Bu kutsal mesleğe yıllarını veren Demirpençe resim eğitimi verdiği öğrencisi Yılmaz'ı anlattı.
Demirpençe, öğretmenlik yıllarının kendisi için büyük anlam taşıdığını belirtti.
Bingöl Lisesinde 1980-1981 eğitim-öğretim döneminde göreve başladığını anlatan Demirpençe, meslek yaşamı boyunca güzel anılar biriktirdiğini söyledi.

O dönem eğitim gören bazı öğrencilerinin Türkiye'de farklı konumlarda üst düzey göreve geldiğini belirten Demirpençe, kimi öğrencileriyle halen irtibat halinde olduklarını ifade etti.

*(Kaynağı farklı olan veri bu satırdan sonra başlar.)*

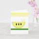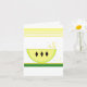 Design de fruta excelente com uma fatia de limão com sementes. Bordas de listras amarelas no topo e verdes e amarelas no fundo. Personalizar conforme desejado. Perfeito para um obrigado ou só para dizer olá.
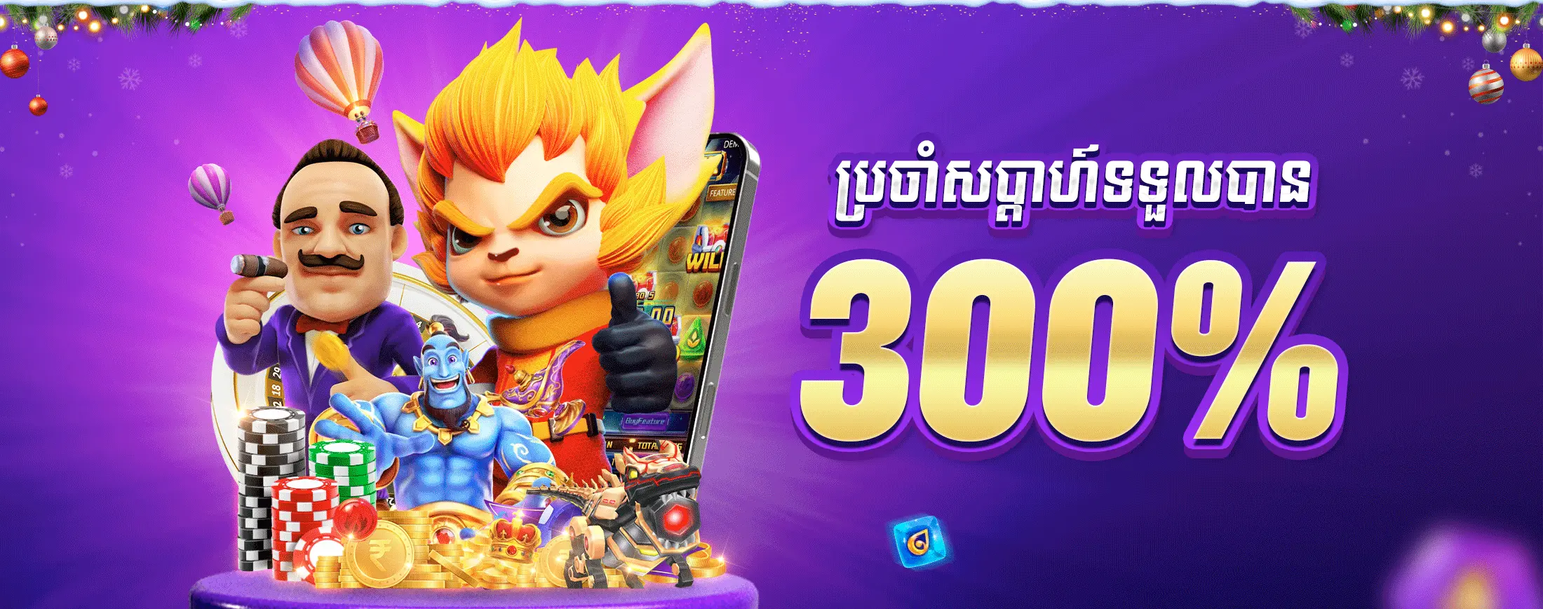 🎁 ទទួលបាន ៣០០% ប្រចាំសប្តាហ៍ 🎁
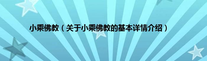 本文关于小乘佛教的基本详情介绍就讲解完毕,希望对大家有所帮助。
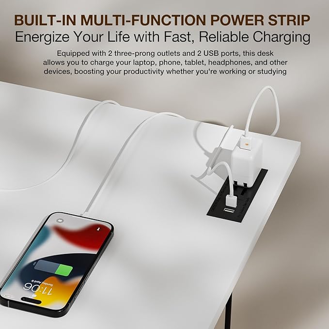 - ππ¨π¦π ππππ₯πππ‘π π£π’π₯π§π¦ & π£π’πͺππ₯ π’π¨π§πππ§π¦ β This L shaped gaming desk comes with a built-in power outlet, which provides 2 AC outlets and 2 USB ports. This desk streamlines device charging, ensuring both convenience and safety. Whether for gaming or intense work sessions, stay fully powered up without messing up your space with additional extension cords
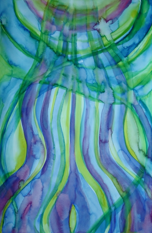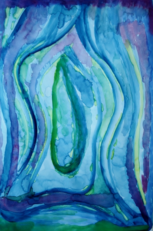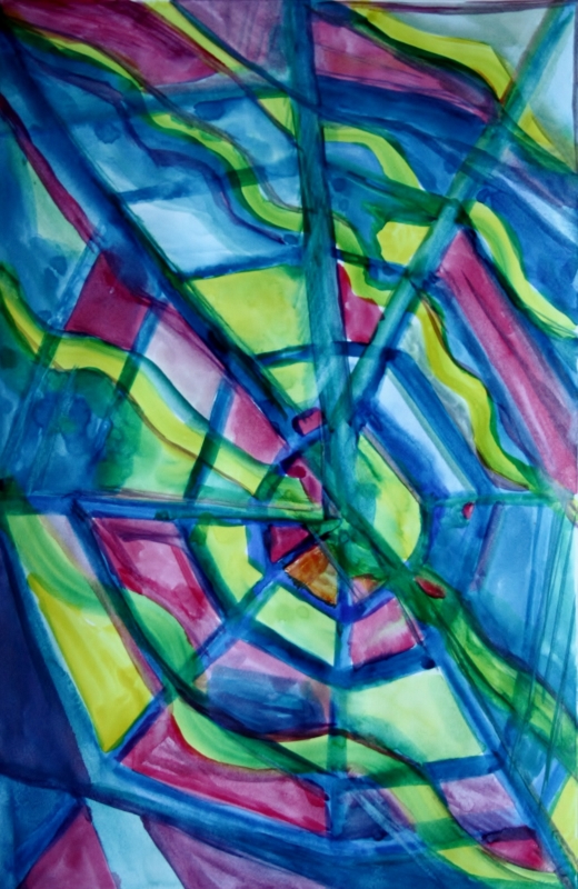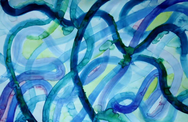I due blu, i due rossi, i due gialli. Li lascio scorrere a piacimento, come nastri che si svolgono e riavvolgono a piacimento, inseguendo il mio 'quid'. Incontrandosi formeranno altri colori. Da qualche parte intuisco 'l'altra sponda'; le dò il colore che sento più appropriato.
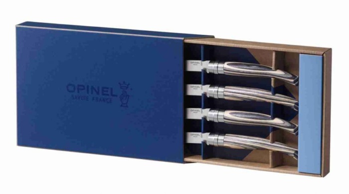 The chic Grey, White and Anthracite Laminated Birch Wood Table Knife Set contains 4 elegant knives with unparalleled cutting quality. The original blue stiff cardboard case is ideal for storing and protecting the knives and makes this an unusual gift.
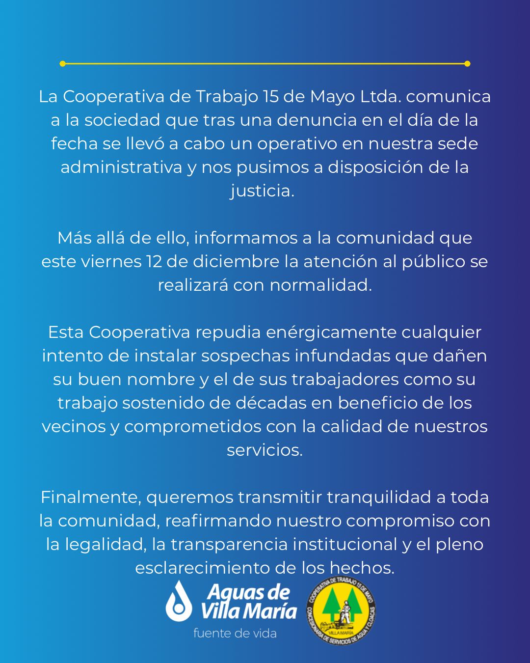 Esta cooperativa repudia enérgicamente cualquier intento de instalar sospechas infundadas que dañen su buen nombre y el de sus trabajadores como su trabajo sostenido de décadas en beneficio de los vecinos y comprometidos con la calidad de nuestros servicios
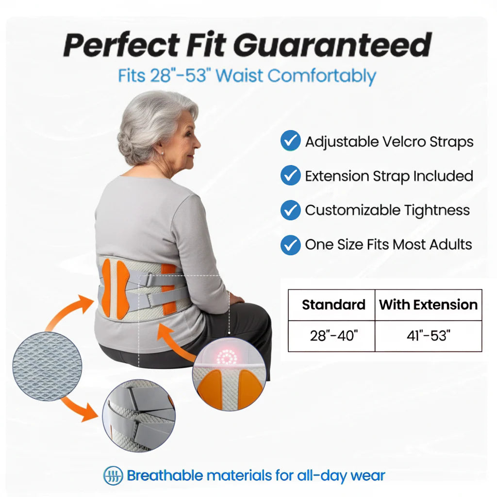 Tato dvouzónová komprese jemně narovnává páteř, zlepšuje držení těla a okamžitě uvolňuje tlak na sedací nerv – pomáhá vám pohybovat se s menší bolestí a cítit se sebejistěji při každodenních činnostech.
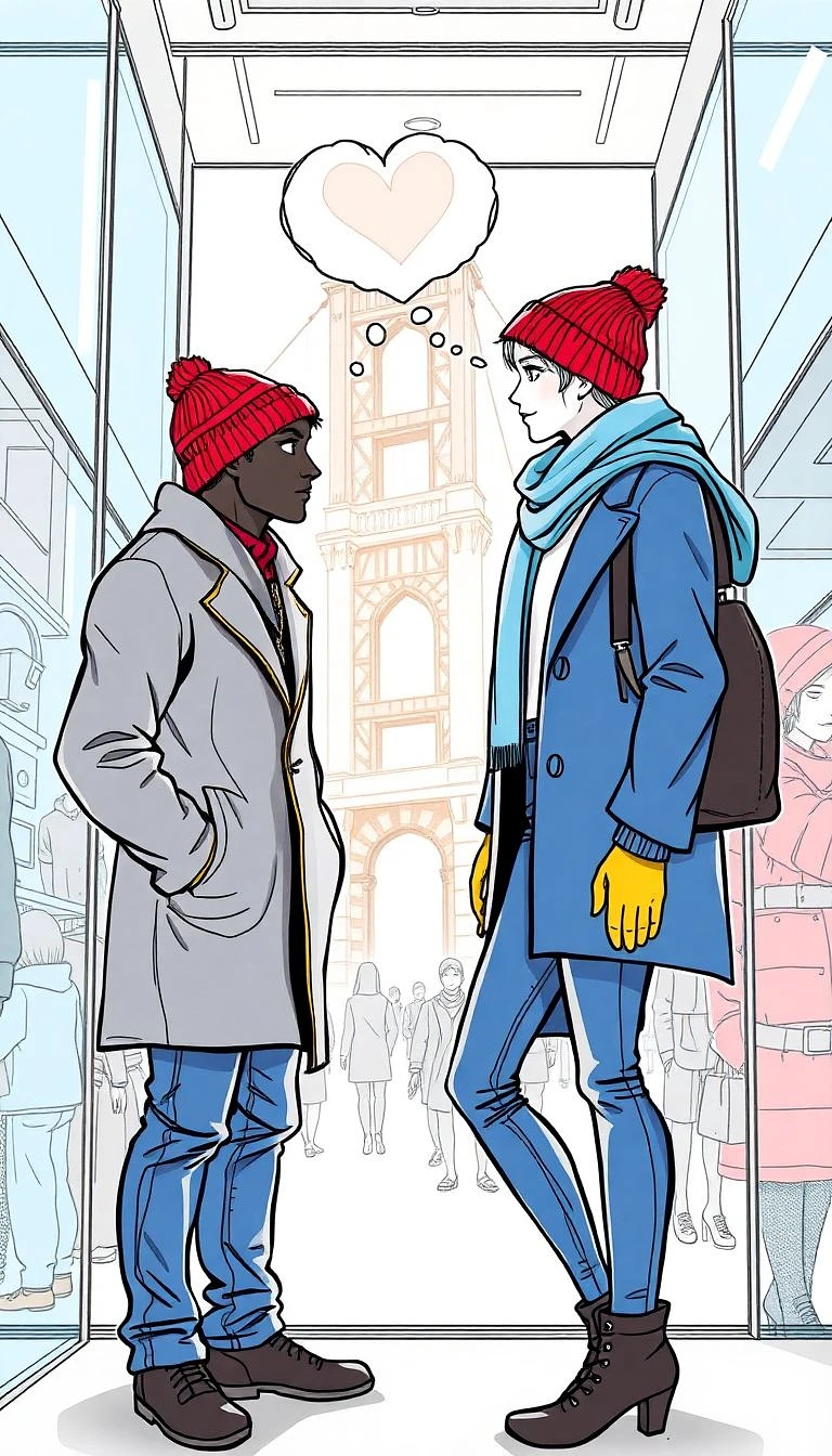 # Comic Book Love Story: "A Dream in Disguise" - Panel Prompts ## Common Elements for All Panels: Story Summary: A love story between Victor (black male mannequin) and Viola (white female mannequin) in a NYC department store. Both drawn in A-ha "Take on Me" pencil sketch style against hyperrealistic colored backgrounds. Setting: Busy New York department store with Brooklyn Bridge visible through windows, sunny winter morning. Outfits: Both wear H&M winter clothes - Victor in blue jeans and grey long coat with golden zipper; Viola in tight blue jeans, black belt and loosely opened blue coat. Both have red beanies, blue scarves, and warm yellow gloves. ## Panel 1: A pencil-sketch black male mannequin (Victor) and white female mannequin (Viola) standing apart in a hyperrealistic colored busy department store. Brooklyn Bridge visible through windows. Victor gazes at Viola with a heart-shaped thought bubble above his head. Morning sunlight streams through windows. A-ha "Take on Me" sketch style for mannequins only. No text, only emotions through thought bubbles. ## Panel 2: Close-up of Victor's face in A-ha pencil sketch style, wearing red beanie and blue scarf. Intense gaze toward Viola (slightly blurred in foreground) . Hyperrealistic colored Brooklyn Bridge visible through windows. Thought bubble above Victor contains multiple hearts and Cupid's arrows. Winter sunlight casting dramatic shadows. No text. ## Panel 3: Victor in pencil sketch style at colorful flower vendor, selecting a single red rose. Still in winter H&M outfit. Hyperrealistic colored busy NYC department store background. Brooklyn Bridge visible. Thought bubble shows question mark. Colored shoppers rushing past contrast with sketch-style Victor. Warm sunlight effect. No text. ## Panel 4: Victor walking purposefully through department store displays, holding red rose. A-ha pencil sketch style. Hyperrealistic colored background. Brooklyn Bridge through windows. Thought bubble shows stick figure running. Victor's determined expression contrasts with busy store environment. Strong directional lighting. No text. ## Panel 5: Victor and Viola face-to-face in pencil sketch style. Hyperrealistic colored NYC department store background with Brooklyn Bridge. Victor holding rose toward Viola who leans toward him. Thought bubble above Victor shows surprised emoji. Winter light creates dramatic atmosphere. No text. ## Panel 6: Victor and Viola embracing in kiss, pencil sketch style with glowing aura. Hyperrealistic colored Brooklyn Bridge background. Still in winter H&M outfits. Two connected red hearts floating above them. Sunbeams highlighting their embrace. Magical atmosphere. No text, pure emotion.

Demirpençe, farklı okullarda da görev yaptığını, unutamadığı anıları bulunduğunu anlatarak, "Bu anıları düşündükçe kendi adıma seviniyorum. Öğretmenlik kutsal bir meslek. Bu mesleğin birer temsilcisi olarak görevi öğrencilerimize devrettik. Öğretmen olanların yanı sıra devletin farklı mercilerinde görev alan öğrencilerim var. Bu da benim için mutluluk ve sevinç kaynağıdır." dedi.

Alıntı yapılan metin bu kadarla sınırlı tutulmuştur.